This week, InfoWorld celebrates the best technologies of the past year.
But that’s way too obvious: It’s XML — simple, elegant, and its adoption has been fast, broad and deep.
Boooriiinng. It took no insight to figure this out. It barely required a pulse.
So we’re going to focus on worst ideas of 2001. InfoWorld’s focus is on technologies this year, not individual vendors and products, which means I won’t get to (for example) include:
Palm for its complete lack of innovation. When all interesting innovation for this platform came from Handspring and Sony, for shame.
Novell for its Al Gore-like ability to snatch defeat from the jaws of victory. Never has such superior technology (NDS that is, although Gore’s animatronics were phenomenal …) suffered under such consistently inept marketing.
Microsoft, of course, also deserves opprobrium for releasing Active Directory as catch-up to NDS rather than leap-frog technology, but that’s really a 1999 carry-over.
Apple, which still hasn’t figured out that when you’re a market underdog you need marketshare and mindshare, not margins. Macs need to cost less than equivalent Wintel PCs, not twice as much. Despite the superiority of Mac OS X, Apple still deserves to fail.
UCITA’s backers, for stuffing it through an egregiously biased process. If you have any doubt that we’ve entered an era where big-lie propaganda is business-as-usual, read the press releases defending this bag of muck, and try not to gag.
But our focus is on bad technologies, not individual products or companies. The clear winner would be Fat Network Architectures (the more accurate name for “thin client”), only that’s an old issue. Fat network architectures provide convenience to providers while diminishing usability. They’re only appropriate for applications whose deployment is broad but whose use is occasional.

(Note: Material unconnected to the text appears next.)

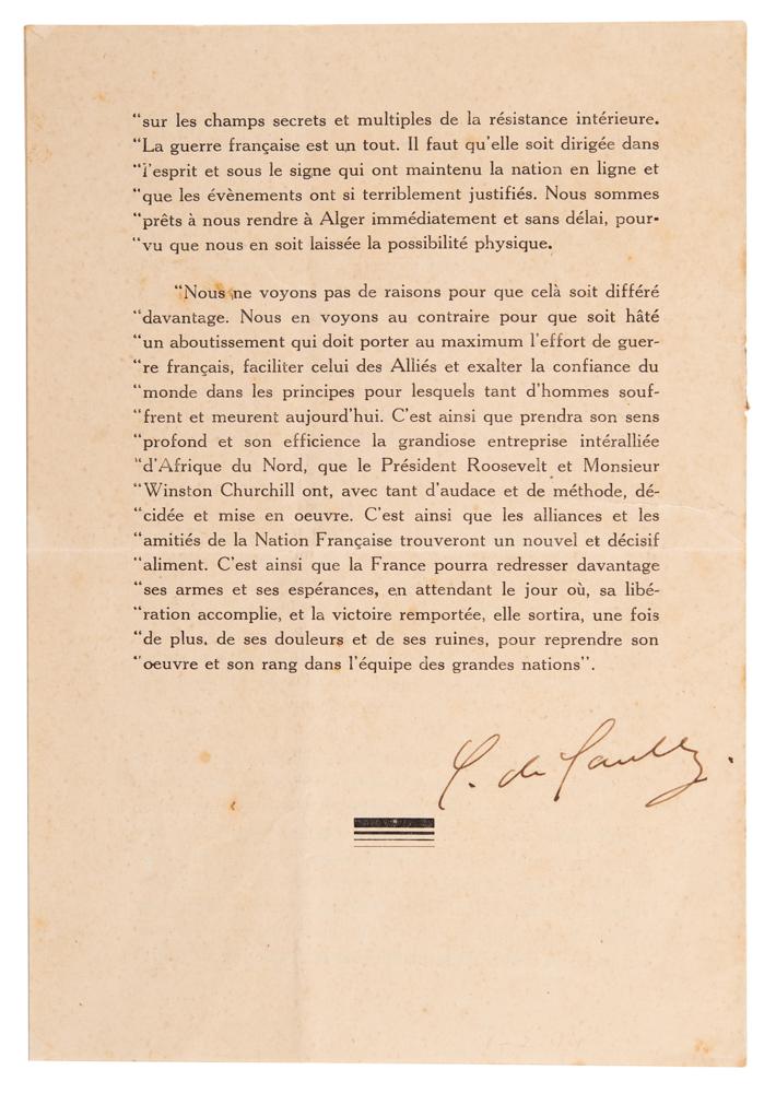 We see no reason for this to be delayed further. On the contrary, we see them so that an outcome may be hastened which should maximize the French war effort, facilitate that of the Allies and exalt the confidence of the world in the principles for which so many men are suffering and dying today. This is how the grand inter-allied enterprise of North Africa, which President Roosevelt and Mr. Winston Churchill, with so much audacity and method, decided on and implemented, will take on its profound meaning and its efficiency. It is thus that the alliances and friendships of the French Nation will find new and decisive nourishment. It is in this way that France will be able to straighten out her arms and her hopes even more, while awaiting the day when, her liberation accomplished, and the victory won, she will emerge, once more, from her pains and her ruins, to resume his work and his rank in the team of the great nations.’ In fine condition.
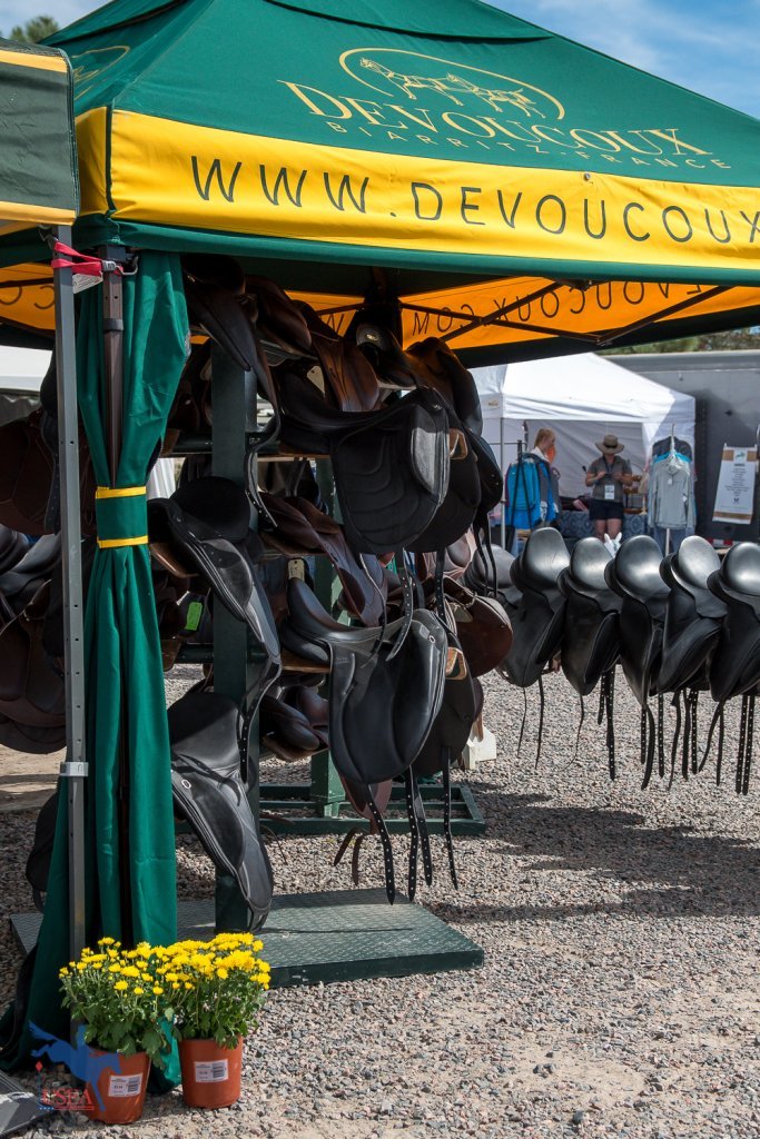 Platinum Sponsor Devoucoux has a wide selection of new and used saddles on hand this weekend, as well as accessories like girths, boots, and tack cleaner and two certified saddle fitters that can help fit a horse for a saddle. There are some discounted used saddles for sale and some special deals if shoppers are interested in ordering a new saddle. Plus, if a rider has a Devoucoux and would like to have it cleaned, they can take it on over to the Devoucoux booth in the Vendor Village and they’ll buff it up!

Another candidate is Enterprise Application Integration (EAI) security. EAI itself is incredibly important right now. But with few exceptions, EAI systems must have superuser privileges, which means they add yet another, independent layer of security administration. (Incredibly, Microsoft seems to have gotten EAI security right in Biztalk, which reportedly passes through already-established access rights.)
The runner-up is the Application Service Provider (ASP). ASPs, which were never anything more than rehashed timesharing service bureaus retooled onto fat network architectures (not a promising start!), never figured out that technology is now built into the core of the modern enterprise. Integration — a critical business priority (the reason EAI is so important) — is hard enough when a business runs all of its systems on its own computers. The ASP model makes it nearly impossible.

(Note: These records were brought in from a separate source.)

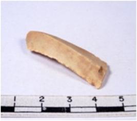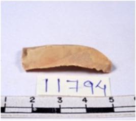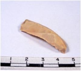| Description / विवरण | A fragment of a rectangular shaped chert blade showing dorsal sides with sharp edges having smooth surface and triangular section. |
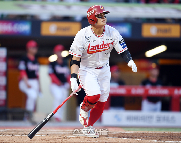 SSG 2번타자 추신수가 11일 인천SSG랜더스필드에서 열리는 2024 프로야구 SSG랜더스와 KIA타이거즈의 경기 3회말 무사 2루에서 우전안타로 출루하고 있다. 2024.06.11.
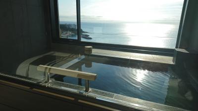 温泉付きの部屋泊まりました。部屋の温泉は温度が少し低めかもしれませんが、夏にはちょうどよかったです。大浴場に行くと白浜の景色が一望できていい景色ですが。コロナ禍には温泉付きの部屋が最高です。
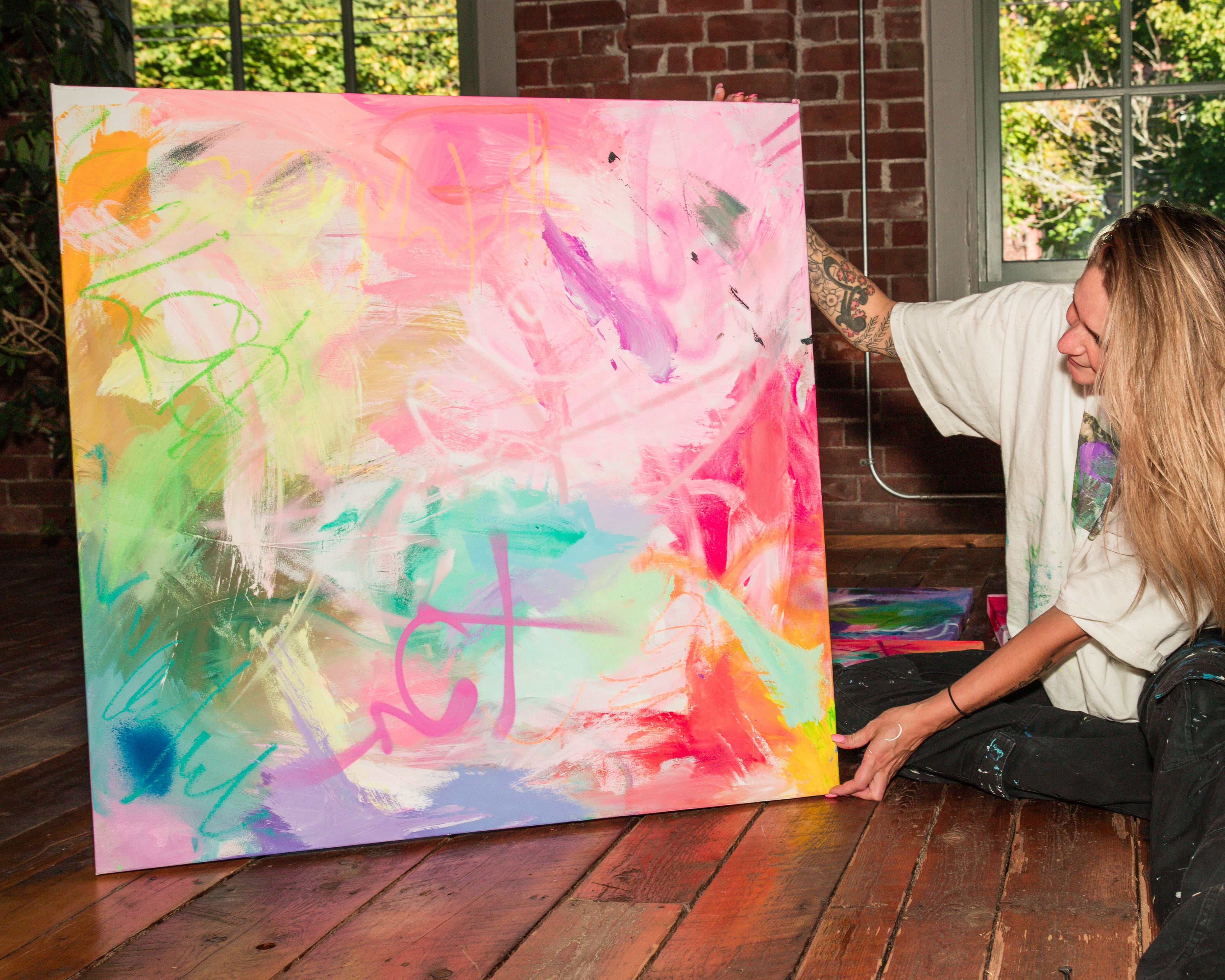 Portfolio of original abstract canvas works by artist Abigail Reinhart. Each piece is one of a kind hand-painted with acrylic, oil, spray paint, india ink, mixed media.

The clear winner, though, is Internet Attached Storage (IAS). At least fat network architectures are sound engineering. IAS, on the other hand, separates data storage from data processing, connecting them through the Internet at speeds and latencies that are a tiny fraction of LAN, bus or channel attachment.
I’m quite certain IAS is a winner when viewed through the distorted lens of Total Cost of Ownership (TCO). I’m equally sure that if you move a production database to IAS, what used to be overnight batch will turn into something quite different.
Between now and the time it’s finished running, you’ll have had time to fix the Y3K bug.